Processing barcoded Fastq files#
You would likely encounter barcoded fastq files when working with single cell ATAC-seq data. As on early days of single cell ATAC-seq, cell barcodes are usually added to the read name of the fastq files. This notebook demonstrates how to process these barcoded fastq files.
[1]:
import precellar
Extracting cell barcodes from read names#
[2]:
!zcat R1.fq.gz | head
@CCAGCACAAGCCATCCTATCGT:A00953:155:HVCHLDRXX:1:1101:1036:1031 1:N:0:1
ANCTTGGATCATCAGGTTTGTCTGTAGCTGATTTATTTCTTTAAGTTTCCC
+
F#FFFFFFFF:FFFFFFFFFFFFFFFFFFFFFFFFFFFFFFFFFFFFFFFF
@TAACCACTACGAATGACTGACA:A00953:155:HVCHLDRXX:1:1101:1127:1031 1:N:0:1
TNCCAGGACCAGTGACCGTCACCCGCAGTAAGGATCGGGGCGGCTCCGCCA
+
F#:FFFFFFFFF:FFFFF:FF,F,FFFFFFFF,FFF:FFFF:FFFFFF,FF
@CGATATGTAGGGGACTAATTCC:A00953:155:HVCHLDRXX:1:1101:1145:1031 1:N:0:1
GNCGGATCACAAGGTCAGGAGTTCGAGACCTGGCTGGCCAACACGGTGAAA
gzip: stdout: Broken pipe
[3]:
precellar.utils.strip_barcode_from_fastq(
'R1.fq.gz',
'R1_processed.fq.zst',
out_barcode='I1.fq.zst',
regex="^([ACTG]+):",
right_add=1,
)
precellar.utils.strip_barcode_from_fastq(
'R2.fq.gz',
'R2_processed.fq.zst',
regex="^([ACTG]+):",
right_add=1,
)
[4]:
assay = precellar.SeqSpec("https://raw.githubusercontent.com/regulatory-genomics/precellar/refs/heads/main/seqspec_templates/generic_atac.yaml")
[2024-10-01T15:18:02Z INFO cached_path::cache] Starting download of https://raw.githubusercontent.com/regulatory-genomics/precellar/refs/heads/main/seqspec_templates/generic_atac.yaml
[2024-10-01T15:18:02Z INFO cached_path::cache] Downloaded 2643 bytes
[2024-10-01T15:18:02Z INFO cached_path::cache] New version of https://raw.githubusercontent.com/regulatory-genomics/precellar/refs/heads/main/seqspec_templates/generic_atac.yaml cached
[5]:
assay
[5]:
└── atac(153-1150)
├── atac-illumina_p5(29)
├── atac-read1(34) [↓R1(1-98)]
├── gDNA(1-1000)
├── atac-read2(34) [↑R2(1-98), ↓I1(22)]
├── atac-cell_barcode(22)
└── atac-illumina_p7(24)
[6]:
assay.update_read("R1", fastq="R1_processed.fq.zst")
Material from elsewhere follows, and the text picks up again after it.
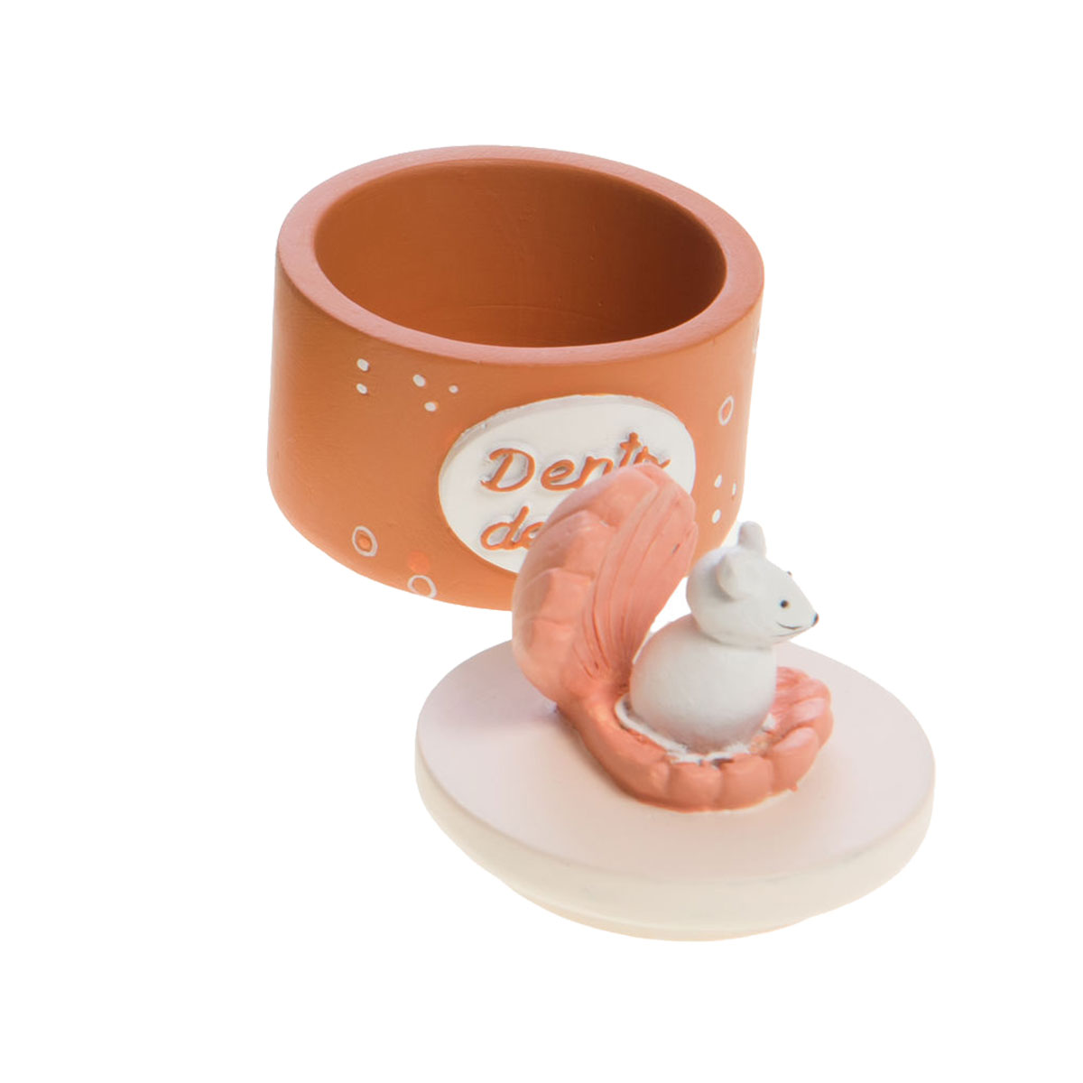 Little Tooth Box Mouse in Shell - Ochre Orangematerial: Resindimensions: Height 4 cm × Diameter 5 cmThis cute tooth box features a mouse nestled in an ochre orange shell. A warm and original design for a precious childhood memory, while adding a vibrant touch of color to your child's room.

assay.update_read("I1", fastq="I1.fq.zst")
assay.update_read("R2", fastq="R2_processed.fq.zst")
[7]:
assay
[7]:
└── atac(153-1150)
├── atac-illumina_p5(29)
├── atac-read1(34) [↓R1(51)]
├── gDNA(1-1000)
├── atac-read2(34) [↑R2(51), ↓I1(22)]
├── atac-cell_barcode(22)
└── atac-illumina_p7(24)
[8]:
qc = precellar.align(
assay, "/data/kzhang/GRCh38/hg38.fa.gz",
modality="atac",
output_fragment="atac_fragments.tsv.zst",
num_threads=32,
)
[2024-10-01T15:18:10Z INFO precellar::align] Counting barcodes...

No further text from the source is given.